Seems like a good reason to talk about FLM tests here!  So, how can a lab test evaluate a fetus' lungs?
First the basics:

  1. The lungs are one of the last organs to mature in a fetus.  In order for them to work properly after birth the alveoli (i.e. air sacs) have to open up and stay open once the baby takes its first few breaths.  This is not as easy as it seems because the inside lining of the alveoli has a thin coating of water and the surface tension of this water promotes their collapse.  A collapsed alveoli doesn't work very well!  Fortunately, our lungs secrete chemicals called surfactants that lower the surface tension of the water that coats the alveoli thus preventing the alveoli from collapsing.
  2. Having enough of these surfactants in the lungs at birth is extremely important because that's when the baby has to make a transition from getting its oxygen from mom to getting it from the air.  If there's not enough surfactant then the alveoli may collapse and the baby may have a difficult time breathing.  When this does happen it's called respiratory distress syndrome of the newborn, or just RDS.
  3. Lung surfactants begin to be made around the 25th week of pregnancy but there's usually not enough of it present to prevent RDS until the 37th week.  That means babies born prematurely are at greater risk of developing RDS than those born at term.
  4. Because the fetus essentially "breathes" amniotic fluid in and out of its lungs, the amount of surfactant in the lungs can be determined by measuring surfactants in the amniotic fluid.  In the lab, there are a few ways we can do just that using a sample of amniotic fluid.

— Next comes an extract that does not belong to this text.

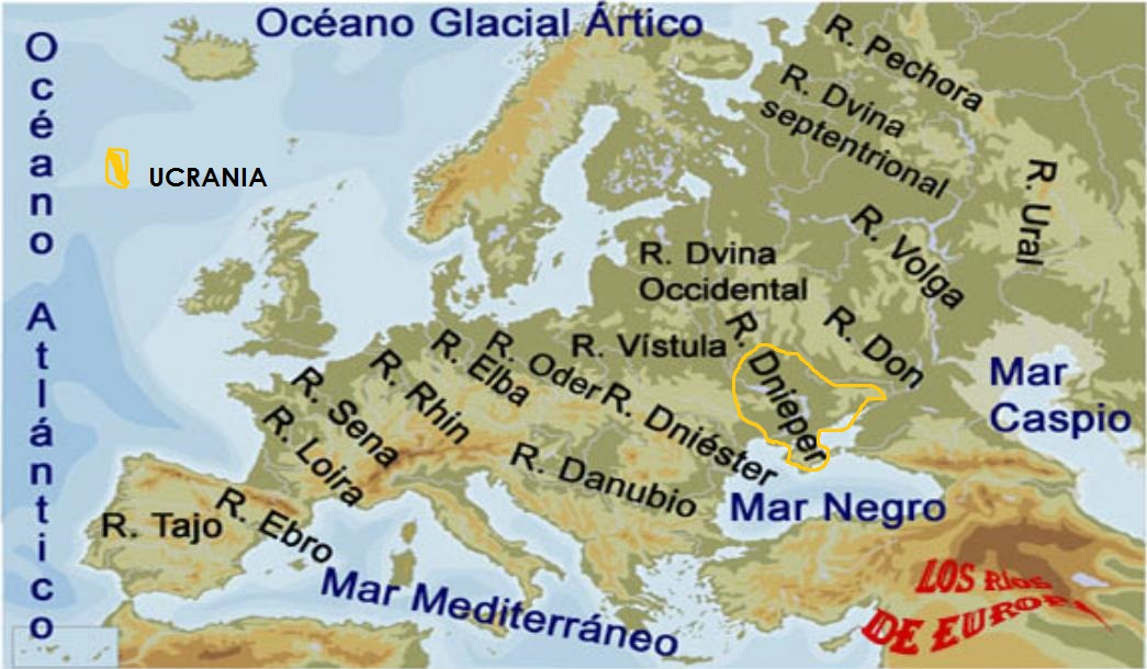 EN EL CONTINENTE EUROPEO SE ENCUENTRA UCRANIA LA CUAL ESTA RODEADA DE EL RIO DON, OCCIDENTAL, DNIESTER, MAR NEGRO Y SOBRE UCRANIA PASA EL RIO DNIEPER COMO LO MUESTRA EL MAPA DE HIDROGRAFIA.

Several fetal lung maturity tests have been developed since the 1970's but only a few are still in use today:

  • AmnioStat-FLM
    • This test looks for the presence of a lung surfactant called phosphatidylglycerol (usually just called PG).
    • This is an agglutination  test that uses antibodies to detect PG in amniotic fluid.  If PG is present then visible agglutinates (clumps of particles) can be seen and the fetal lungs are considered mature.
  • Lamellar Body Count
    • In certain cells of the lungs, surfactants are packaged into granules called lamellar bodies and secreted from the cells into the alveoli.  This test actually counts the number of lamellar bodies in amniotic fluid.
    • The higher the lamellar body count, the more likely it is that the fetal lungs are mature.
  • Lecithin/Sphingomyelin Ratio
    • This was the first test of fetal lung maturity ever developed and is more commonly known as the L/S ratio.  It's a measure of the ratio of two lung surfactants, lecithin and sphingomyeli, that's determined using a technique known as thin-layer chromatography.
    • Lecithin is the most important lung surfactant and provides the greatest surface tension-lowering properties of all the surfactants.  It increases dramatically in the last few weeks of pregnancy.  Sphingomyelin is a minor lung surfactant and that amount of it in the lungs stays about the same throughout pregnancy so it serves as a good baseline against which the increasing amount of lecithin can be compared.  A ratio that is 2.5 or greater is usually used to indicate lung maturity.
    • Many doctors consider this to be the "best" fetal lung maturity test but that is not true.
  • TDx FLM II
    • This test measures the ratio of surfactant to albumin and so is sometimes called the S/A ratio.
    • The test relies on a technique known as fluorescence polarization and is the most widely used fetal lung maturity test; unfortunately it will no longer be available to clinical labs at the end of this year because the manufacturer has decided to stop making it.
    • The effect that the loss of this test will have on patients, doctors, and labs remains to be seen!

There a whole lot more to say about fetal lung maturity tests but those will have to wait for future posts.